But if you don't care about the values, why not use whatever the value was organically?

Imagine that list at the beginning wasn't there:

[
    [foo: func [] [eat 'apple] peel orange/banana ...]
    ...
]

The scanner can still give a number to basically every unique word that's in the boot block if it wants to. It would just come out in a different order... FOO would be 1, FUNC would be 2, EAT would be 3, APPLE would be 4 etc.

You don't necessarily want a giant C file of SYM_XXX for absolutely every word used in the mezzanine. But what could be done here would be that %words.r would be an indication of registering interest in what value a loaded word ultimately got.

But how do you know what order the scanner is going to visit words in? Well, you don't...and you get a chicken and an egg problem.

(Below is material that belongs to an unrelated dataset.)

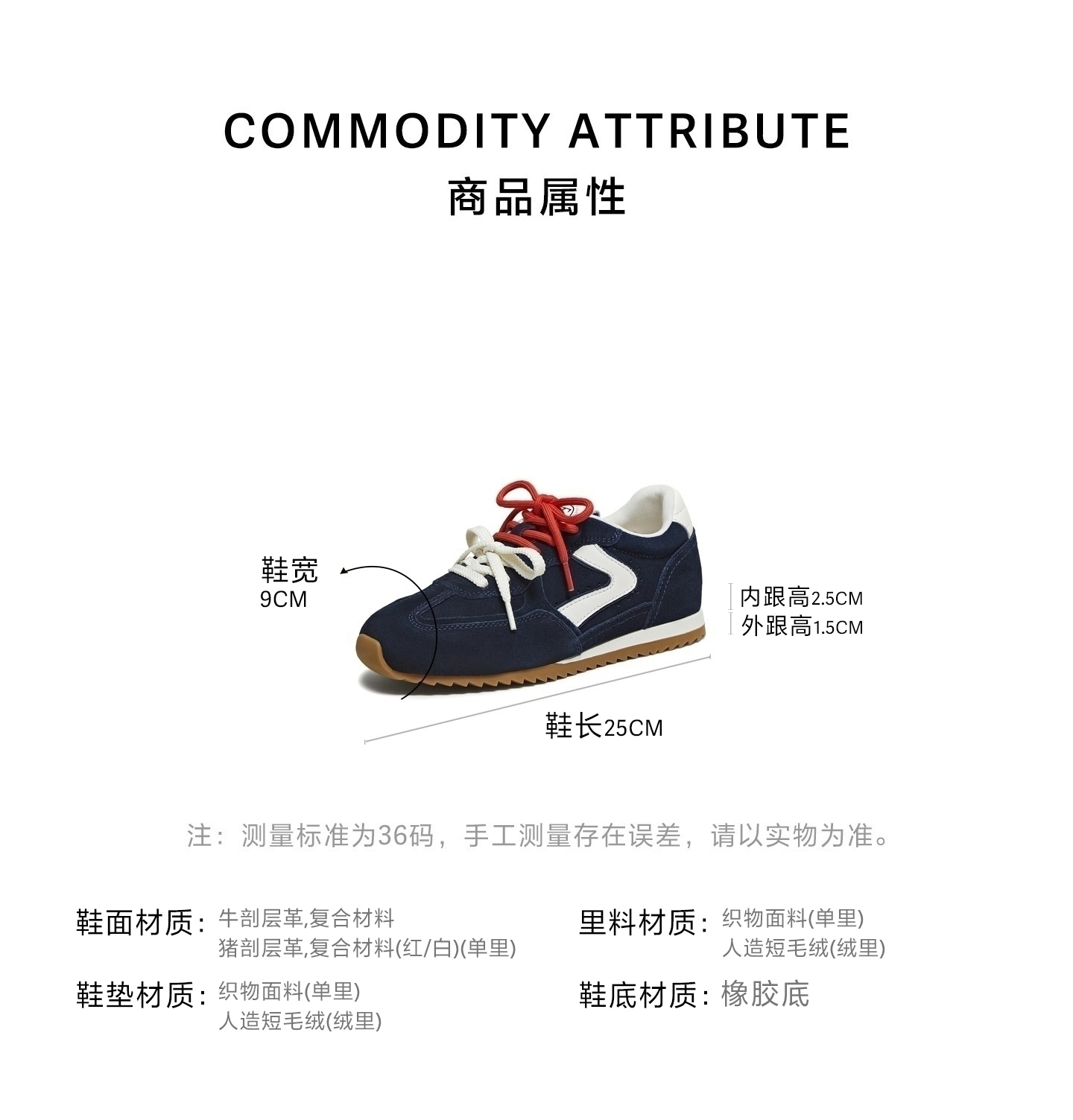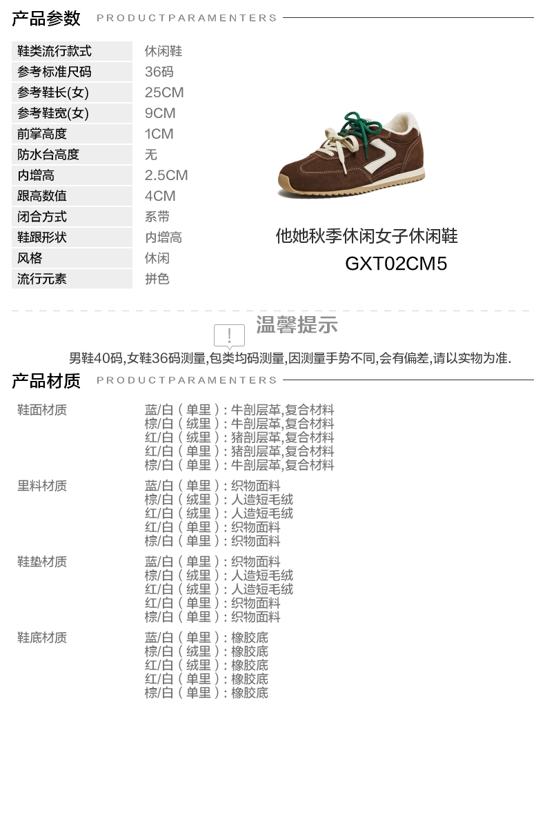 | 鞋跟形状:内增高 | 参考鞋长(女):25CM | 流行元素:拼色 | 参考鞋宽(女):9CM | 风格:休闲 |

You can't build the executable to scan without the SYM_XXX numbers.

...unless the scanner was a separate library that could be linked and run standalone... If the scanner was factored you could have one compile step that built it, and then linked it into a small executable just for the purposes of generating an enum of SYM_XXX values for a particular boot block.

Not something likely to happen this year (or this lifetime), but... I thought it was interesting to think that if the code were a little more self-aware, the array of words in the boot block could be cut way back to only words that required having sequential integer numbers for some optimization. (Or specific numbers for some optimization...the only case of that is that the spelling of datatype words line up with the enum value of the datatype in the system.)

Another Related Idea: An Internet Registry for WORD <=> ID

Note: This concept is actually contentious with the above...

If we really wanted to (and weren't concerned about size), we could get a dictionary off the Internet of the 65535 most common words, and number them all in advance. Then we could tell people who write C extensions that they can use those numbers in their code, so their extensions would be faster if they happened to want to deal with that spelling of that word.

Except then the r3.exe would have a big fat dictionary inside it with a list of strings that extensions may never use.

But putting the dictionary in isn't actually necessary. If you trust extension authors to be true to the string table, then just publish the table on the Internet in an agreed upon place. All an extension has to when it gets loaded is to supply the list of strings and numbers out of that table it wants to use. You only pay for the entries in the table you need...and it doesn't cost any more than having those strings would anyway.

The system could then reconcile and notice if one extension said "banana" is 1020 and another said "banana" is 304. It could just say one of those extensions is wrong and refuse to load them. It can do so without r3.exe needing to store the string "banana" or information about it being 304 intrinsically.

The reason I say it's contentious is because changes in the boot block would shuffle the symbol IDs around. This means the deterministic (but changing) approach would create symbol values that would force extensions to be recompiled, while a committed database of numbers would not.

I think I would prefer a slower compile over such a dictionary.